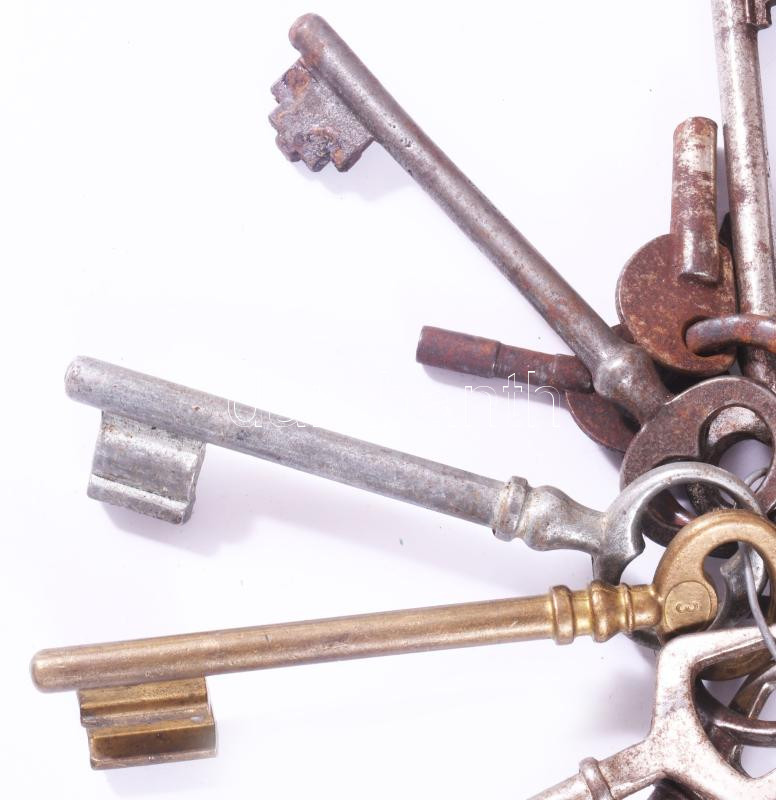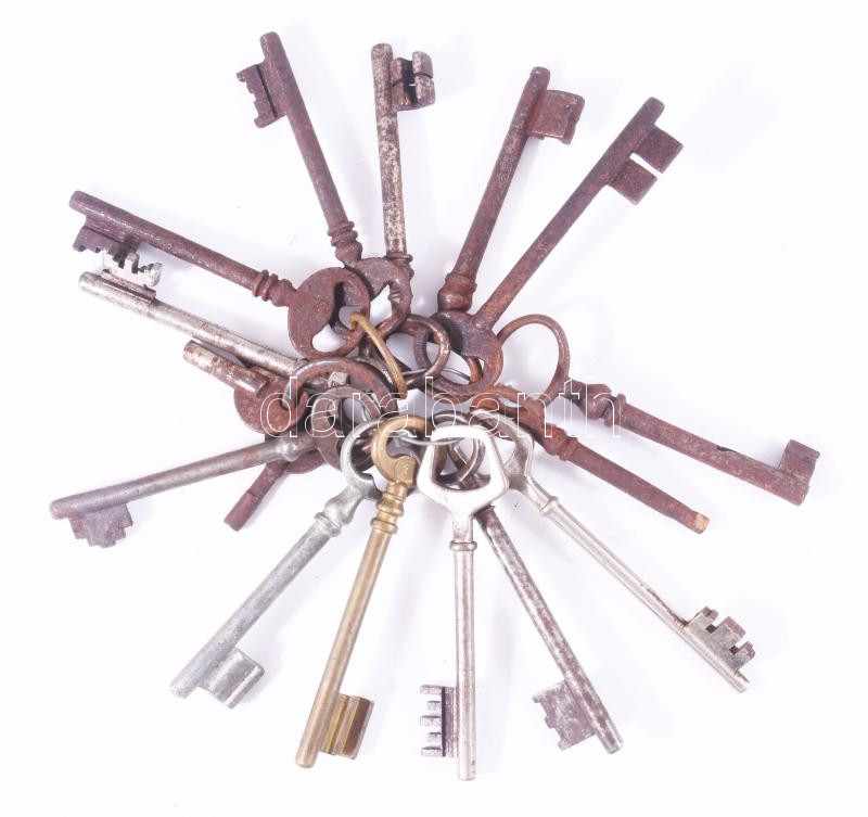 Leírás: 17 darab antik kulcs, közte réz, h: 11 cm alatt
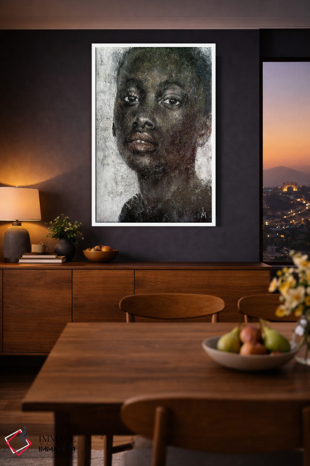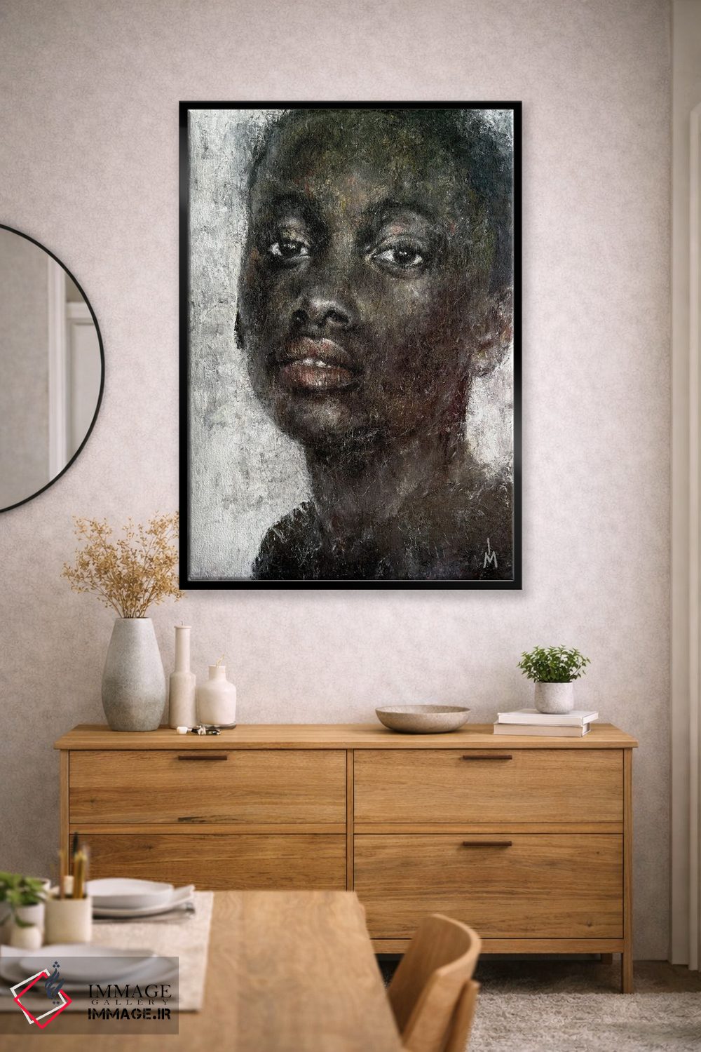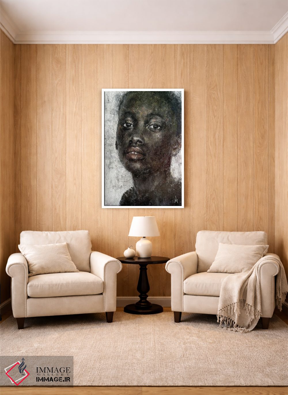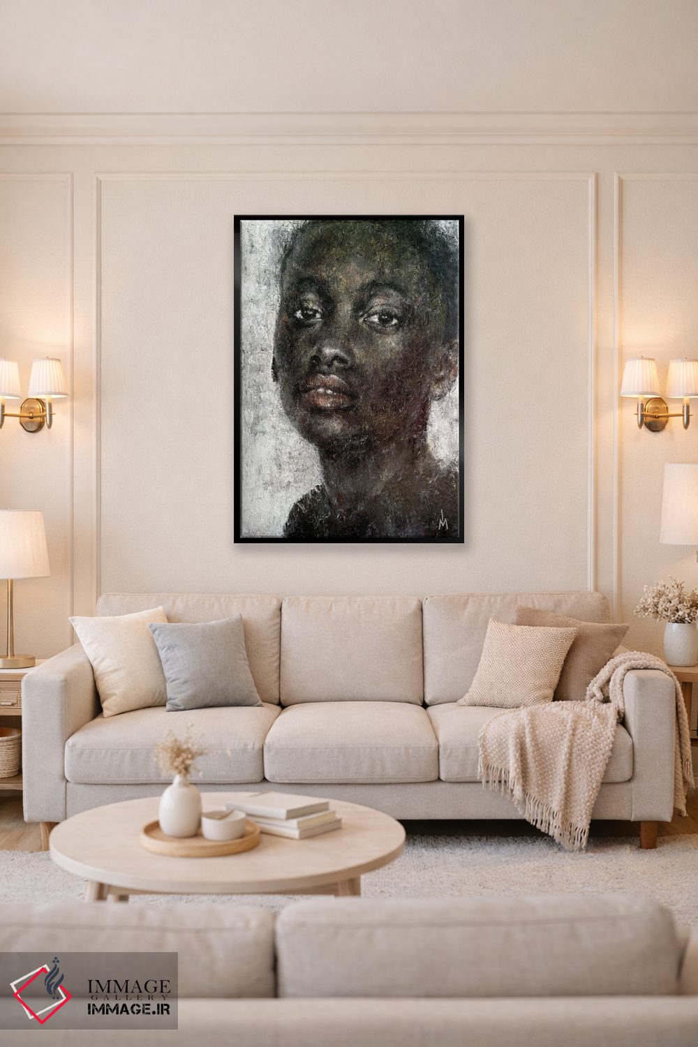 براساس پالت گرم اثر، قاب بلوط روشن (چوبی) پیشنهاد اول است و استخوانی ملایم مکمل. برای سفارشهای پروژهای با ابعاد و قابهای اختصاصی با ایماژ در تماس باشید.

+--

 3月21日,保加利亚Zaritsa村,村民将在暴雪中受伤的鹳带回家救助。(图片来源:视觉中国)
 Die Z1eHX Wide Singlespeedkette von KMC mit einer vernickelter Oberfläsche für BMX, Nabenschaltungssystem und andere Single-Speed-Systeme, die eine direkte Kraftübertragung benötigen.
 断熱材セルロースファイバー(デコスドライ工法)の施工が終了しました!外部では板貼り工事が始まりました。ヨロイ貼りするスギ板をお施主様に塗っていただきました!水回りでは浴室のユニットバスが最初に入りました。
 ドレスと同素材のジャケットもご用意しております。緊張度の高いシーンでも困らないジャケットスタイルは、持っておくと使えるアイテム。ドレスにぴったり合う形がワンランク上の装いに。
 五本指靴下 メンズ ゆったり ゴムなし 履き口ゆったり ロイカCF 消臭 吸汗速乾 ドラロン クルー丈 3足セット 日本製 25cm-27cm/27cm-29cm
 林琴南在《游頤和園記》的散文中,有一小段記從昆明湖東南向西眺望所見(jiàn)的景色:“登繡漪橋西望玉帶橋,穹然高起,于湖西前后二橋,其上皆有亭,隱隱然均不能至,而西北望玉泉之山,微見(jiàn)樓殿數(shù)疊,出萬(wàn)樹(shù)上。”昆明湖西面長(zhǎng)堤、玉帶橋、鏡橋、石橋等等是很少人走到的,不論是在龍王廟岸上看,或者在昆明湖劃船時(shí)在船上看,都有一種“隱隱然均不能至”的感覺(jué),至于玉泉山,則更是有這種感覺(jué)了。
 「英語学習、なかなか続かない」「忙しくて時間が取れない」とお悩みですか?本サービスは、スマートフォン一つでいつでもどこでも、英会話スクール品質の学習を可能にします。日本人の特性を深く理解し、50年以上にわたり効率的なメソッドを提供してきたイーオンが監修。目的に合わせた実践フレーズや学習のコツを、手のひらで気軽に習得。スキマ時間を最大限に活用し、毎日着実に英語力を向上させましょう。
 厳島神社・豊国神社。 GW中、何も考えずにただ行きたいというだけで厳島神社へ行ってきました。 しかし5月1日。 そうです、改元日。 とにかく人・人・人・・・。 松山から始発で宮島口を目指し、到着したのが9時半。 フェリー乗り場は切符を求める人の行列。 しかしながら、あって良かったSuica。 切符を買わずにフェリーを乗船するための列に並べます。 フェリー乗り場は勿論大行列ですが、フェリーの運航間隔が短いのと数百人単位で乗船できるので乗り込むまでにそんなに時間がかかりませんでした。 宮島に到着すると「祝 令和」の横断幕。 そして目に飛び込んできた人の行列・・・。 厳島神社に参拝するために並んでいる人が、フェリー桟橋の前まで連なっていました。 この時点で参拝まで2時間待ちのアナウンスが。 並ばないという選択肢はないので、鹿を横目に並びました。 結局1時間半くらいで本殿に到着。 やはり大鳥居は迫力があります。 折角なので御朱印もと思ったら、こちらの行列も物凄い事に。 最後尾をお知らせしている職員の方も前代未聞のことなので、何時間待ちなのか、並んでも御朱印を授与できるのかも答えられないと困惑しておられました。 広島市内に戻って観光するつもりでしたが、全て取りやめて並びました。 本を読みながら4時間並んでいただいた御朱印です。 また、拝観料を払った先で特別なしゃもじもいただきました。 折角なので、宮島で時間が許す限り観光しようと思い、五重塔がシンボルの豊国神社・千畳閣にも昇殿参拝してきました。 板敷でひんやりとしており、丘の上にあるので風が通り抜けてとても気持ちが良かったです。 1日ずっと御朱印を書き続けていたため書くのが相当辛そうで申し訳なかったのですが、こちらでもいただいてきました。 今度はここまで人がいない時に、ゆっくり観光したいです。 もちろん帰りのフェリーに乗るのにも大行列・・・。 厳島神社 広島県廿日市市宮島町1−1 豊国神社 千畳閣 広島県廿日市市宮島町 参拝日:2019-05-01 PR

+--

■ WORK REQUEST
The stretch to restate runs from the line above containing "Leírás: 17 darab" through the line containing "براساس پالت گرم". Copy it word for word, ends included, without pictures.

■ ANSWER FOR THIS EXERCISE
 Leírás: 17 darab antik kulcs, közte réz, h: 11 cm alatt
 براساس پالت گرم اثر، قاب بلوط روشن (چوبی) پیشنهاد اول است و استخوانی ملایم مکمل. برای سفارشهای پروژهای با ابعاد و قابهای اختصاصی با ایماژ در تماس باشید.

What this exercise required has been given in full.